Mar 8, 2017
By Rich Eldred email@example.com
When is a dusty old expired court case still a live case?
When it involves herbicide use under the power lines of Cape Cod. Last August four towns — Brewster, Orleans, Eastham and Dennis — got together, pooling $60,000 to appeal the Massachusetts Department of Agricultural Resources’ approval of Eversource’s Yearly Operational Plan (YOP) for 2016. They requested an adjudicated hearing before the Pesticide Board, which is comprised of 13 representatives from different state agencies, farming interests and the industry.
You might’ve noticed the calendar has turned and we are now in 2017, and Eversource unveiled a new YOP for 2017 on Jan. 27, and that appeal of last year’s plan remains in the ether.
”The towns asked for an adjudicated hearing, that’s like an appeal of the decision by MDAR, to grant Eversource the right to spray,” Attorney Bruce Taub, who represents the four communities, explained. “During the pendency of this the case was assigned to a magistrate from the Division of Administrative Law and Appeals and when it got to the DALA the lawyers for Eversource filed a motion to dismiss.”
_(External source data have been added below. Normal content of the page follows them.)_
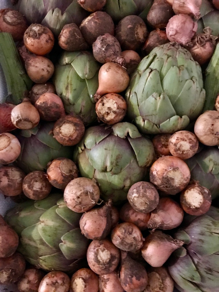 Nino is a similar cynic, the same sparkle in his gray-green eyes when they amuse themselves over someone else’s assumed silliness. As of this writing, it’s been about ten years since I’ve seen him and Zia Margherita and the cousins and grandchildren, though I sometimes think of them in Palo, all living together, young and old, rising in the summers to the man in the little truck yelling, “Cieliegie!” (Cherries!”) on repeat right below the bedroom window, and showering in the smallest shower ever created, and never using air conditioning, and eating daily in the finished basement, a step down from the street, instead of the main part of the house. I imagine them frying the uncured black olives with tomatoes, the bitter oily goodness contrasting with the sweet tomatoes. I think of the nearby produce market with the huge vats of cicoria and strange, delicious lampascioni onions (actually hyacinth bulbs) that allegedly are known (at least in this family) for causing gas. I never noticed, always drawn to the bitter vegetables, so good on their own with oil or on a sandwich. I remember also the parades in Palo, held for any number of bizarre occasions, when the townspeople join in and old ladies more wrinkle than person watch from tiny balconies with underwear hanging from them.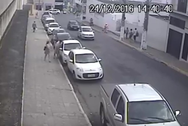mostram o momento exato em que o veículo Grand Siena é arrombado e sacolas são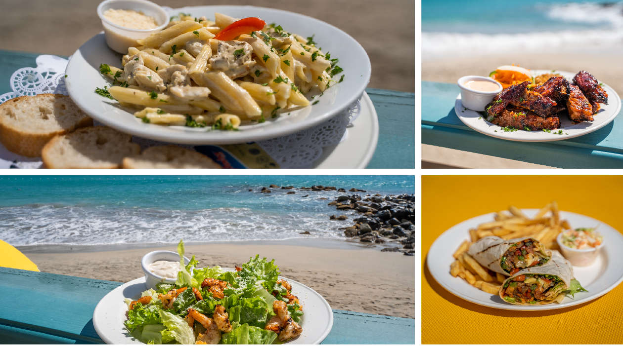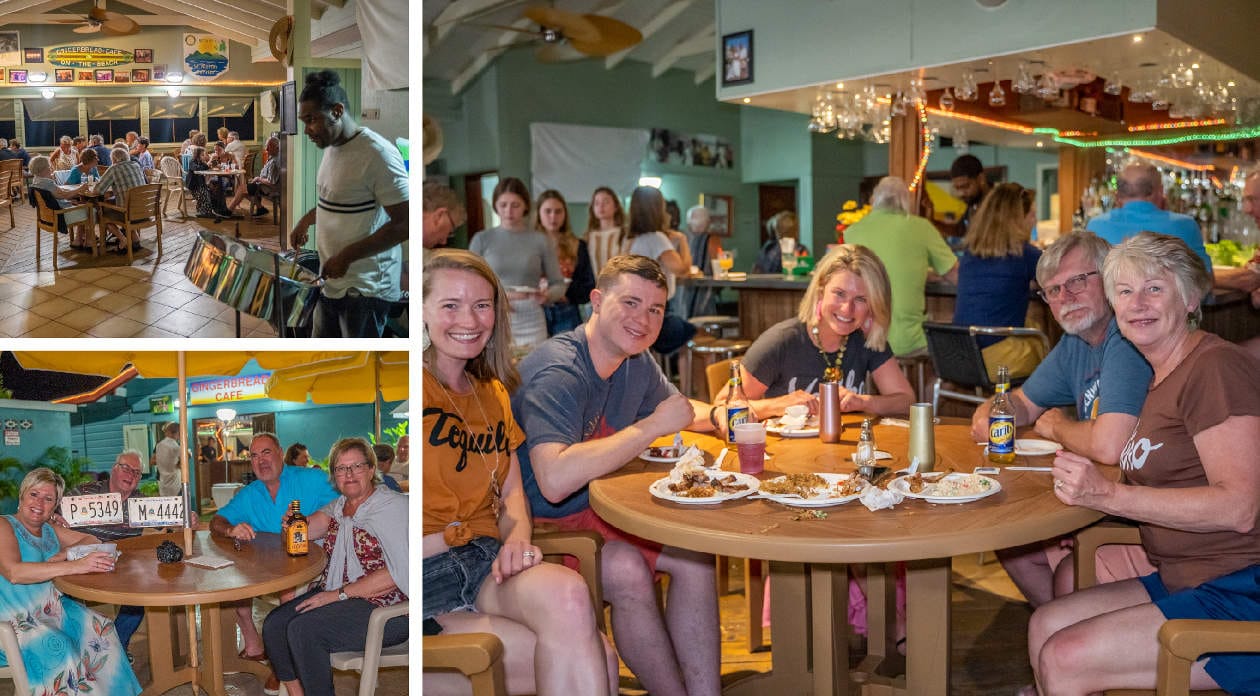 The Gingerbread Cafe sits directly on the beach at Belair, open seven days a week from 8am to 10pm for breakfast, lunch and dinner. The menu covers Caribbean and American cuisine, and the kitchen runs weekly specials that have become fixtures for returning guests — Monday night BBQ and Friday night Surf & Turf among them. The location makes it as much a place to linger as to eat: coffee in the morning with the sea in front of you, a cold drink at sunset with the cruise ships on the horizon.

The issue of herbicide application on the right-of-ways has been in court before, been before the Assembly of Delegates, involved almost all the boards of selectmen on Cape Cod and roiled activists provoking demonstrations and tree cutting expeditions for years.
”They said you towns don’t have standing because you don’t meet the criteria for an aggrieved party,” Taub said of the utilities argument. “Whether a person has standing of not is very case specific. So the judge asked us to prepare a memorandum but the claim became moot when 2016 was over and the spraying was done.”
As it happened Eastham was not actually slated for herbicide use in 2016 but the other three towns were. Once they filed the appeal Eversource opted not to use herbicides in Orleans, Brewster and Dennis.
”One nice thing is that they didn’t spray in the towns that appealed last year,” Taub said. “So I consider that a win.”
However, neither side considered January 1, 2017 to represent a victory.
”The lawyers for both sides said every year we come here and try to get a ruling and we’re messed up by the calendar. There’s a glitch every time. So the judge said he will rule so we are still waiting,” Taub said.
However, the ruling, if it comes, will only determine whether the four towns have the legal standing to challenge MDAR’s approval of the vegetation management plan.
The 2017 plan lists Barnstable, Bourne, Brewster, Chatham, Dennis, Edgartown, Harwich, Oak Bluffs, Orleans, Sandwich and Tisbury as slated for herbicide use. The specific right-of-ways on the Lower Cape include Goose Pond in Chatham to Orleans, Harwich to Orleans and Dennis to Harwich.
”It is hoped the towns will again appeal this time because they wouldn’t have to wait because we will have a ruling on standing,” Taub said. “We have not heard from the towns on whether they wish to proceed.”